In [16], a concept of roaming honeypots is put forward. A model is proposed which works by determining IP flow legitimacy by identifying early features of DoS attacks. This helps in roaming of honeypots and making them undetectable. In [17], Khattab et al., have proposed the concept of roaming honeypots to lessen the severity of the effects of DoS attacks. In these attacks the attacker systems misuses the victim’s server causing great damage. The roaming honeypots scheme detects and filters attack traffic from outside as well as inside a firewall. A proactive roaming scheme is proposed in [18], which make use of backward hash chains. The use of backward hash chains has an overall impact on the overhead of the system. The paper presents a much simpler approach to implement reactive roaming honeypots based on Markov chain analysis, and reduces the overhead as in the reactive roaming approach the honeypot is roamed/shifted to a machine where the severity of attack is more.

3 Brief Introduction of Honeypots

Honeypot is a tool that is used to track attacker’s activity. It lures the attacker to attack the system. Honeypots have no production value in fact their value lies in being probed, attacked or compromised. The main goal in deploying a honeypot is to get it attacked. It may act as a production honeypot within an organizations environment to help mitigate risk or as research honeypot which adds value to research in computer security by providing a platform to study the threat. An important point about honeypots is that it is not a solution to network attack but is a tool to analyze network traffic so that data can be captured about zero day attacks [19].

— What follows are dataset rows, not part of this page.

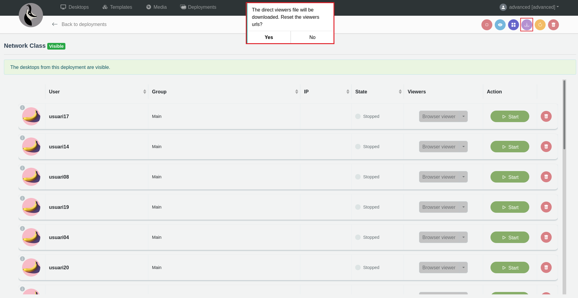This file is used to view the list of users in the deployment and their respective desktop URLs. Follow the steps below to download this file: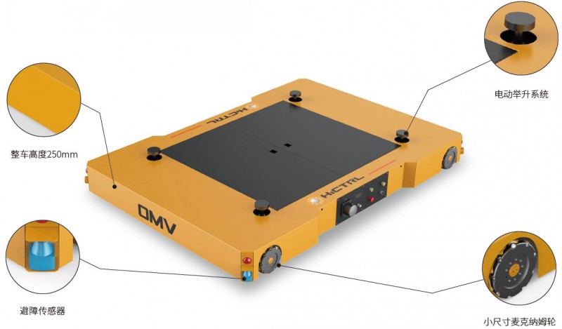 OMV潜伏背负式机器人整车采用低结构设计、高度仅为250mm,利用麦克纳姆轮实现零回转半径、侧移、全方位无死角任意漂移。可方便的潜入各类工件托盘下。穿行于托架之间、在狭小空间内全方位无死角任意漂移。通过加装电动举升系统,即可实现整体搬运各种工装及部件。实现对接、装配等复杂工作。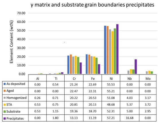 Figure 14 presents the composition of both the deposited and substrate matrix in all samples, and substrate grain boundaries precipitates in the as-deposited and aged samples. As the substrate matrix presented the same element content in all samples, it has been represented by only one value. This analysis is only a semi-quantitative presentation without further standardization.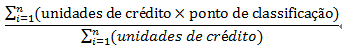 O desempenho global do aluno é representado por uma pontuação ponderada cumulativa, calculada conforme o seguinte: ("n" é o número das unidades curriculares em que o aluno esteja inscrito):

Low-interaction honeypots emulate services, network stacks, or other aspects of a real machine. They allow an attacker a limited interaction with the target system and allow us to learn mainly quantitative information about attacks. Low-interaction honeypots can primarily be used to gather statistical data and to collect high-level information about attack patterns. An attacker is not able to fully compromise the system since he/she interacts just with a simulation. Low-interaction honeypots construct a controlled environment and thus the risk involved are limited [8]. In our approach honeyd is used for the implementation of low interaction honeypots.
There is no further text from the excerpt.